Wygląda na to, że grecki parlament przyjął projekt budżetu na rok 2014. Jeżeli wydawało wam się, że rygorystyczne podejście do spraw wydatków państwa było największe w poprzednich latach to jesteście w błędzie. Nowy projekt budżetu na rok 2014 przewiduje bardzo rygorystyczne wydatki państwa, co z pewnością wpłynie na jakieś ograniczenia i to nawet w najbardziej aktywnych projektach. Okazuje się jednak, że nowy projekt budżetu przewiduje pierwszy wzrost gospodarczy – po sześciu latach ciągłej recesji – na poziomie 0,6 procent PKB.

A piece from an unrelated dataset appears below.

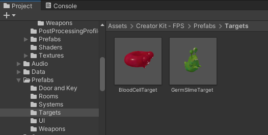 1. In the Project window, go to Assets > Creator Kit - FPS > Prefabs > Targets.
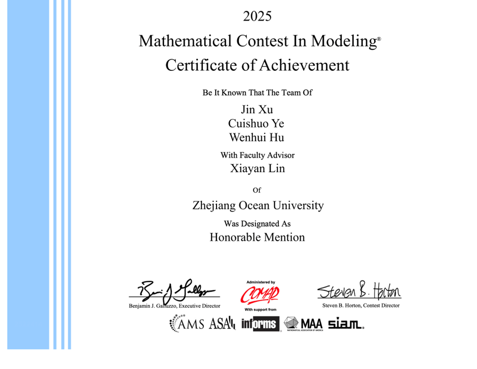 近日,2025年美国(国际)大学生数学建模竞赛(ICM/MCM)成绩揭晓。海科学院组织的参赛队伍喜获Honorable Mention奖(国际二等奖)2项,成功参赛奖(Successfully Participation)14项。其中,由丁文祥老师指导的朱好(队长)、宋彤彤、陈昱筱团队,以及林夏艳老师指导的许进(队长)、叶萃硕、胡雯慧团队摘得Honorable Mention奖。

Grecja będzie jednak zmuszona wprowadzić odpowiednie cięcia, które w jej wypadku wyniosą blisko 3,1 miliardów euro. Za wprowadzeniem nowego budżetu było 153 przedstawicieli koalicji, a przeciwnych parlamentarzystów był 142. Opozycja twierdzi, że nowy projekt budżetu ma na celu dalsze rujnowanie Grecji. Premier Grecji oznajmił jednak, że propozycja zmian jest niezwykle ważna i sądząc po otrzymanych rezultatach bardzo dobra, gdyż jego kraj nie musi już pożyczać pieniędzy, aby normalnie funkcjonować, a to spora poprawa. Wprowadzona ustawa nie zyskała jest poparcia ze strony trójki, która jest odpowiedzialna za udzielenia dalszych części kredytu dla zadłużonej Grecji – trójka składa się z przedstawicieli Europejskiego Banku Centralnego, Komisji Europejskiej oraz Międzynarodowego Funduszu Walutowego.

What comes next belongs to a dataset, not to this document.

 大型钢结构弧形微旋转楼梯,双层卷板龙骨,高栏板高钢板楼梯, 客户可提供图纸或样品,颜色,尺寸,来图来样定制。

Nie ulega wątpliwości, że trójka będzie nadal spierać się z Atenami o fakt przejmowania przez tamtejsze banki nieruchomości klientom znajdującym się w trudnej sytuacji materialnej. W przypadku Grecji prawo mające chronić kredytobiorców w przypadku trudnej sytuacji materialnej, stwarza pole do poważnych nadużyć. Sprawą ma się zająć dziś grecki parlament, więc do tego czeku komisja wstrzymała wypłatę 1 miliarda euro z programu pomocowego.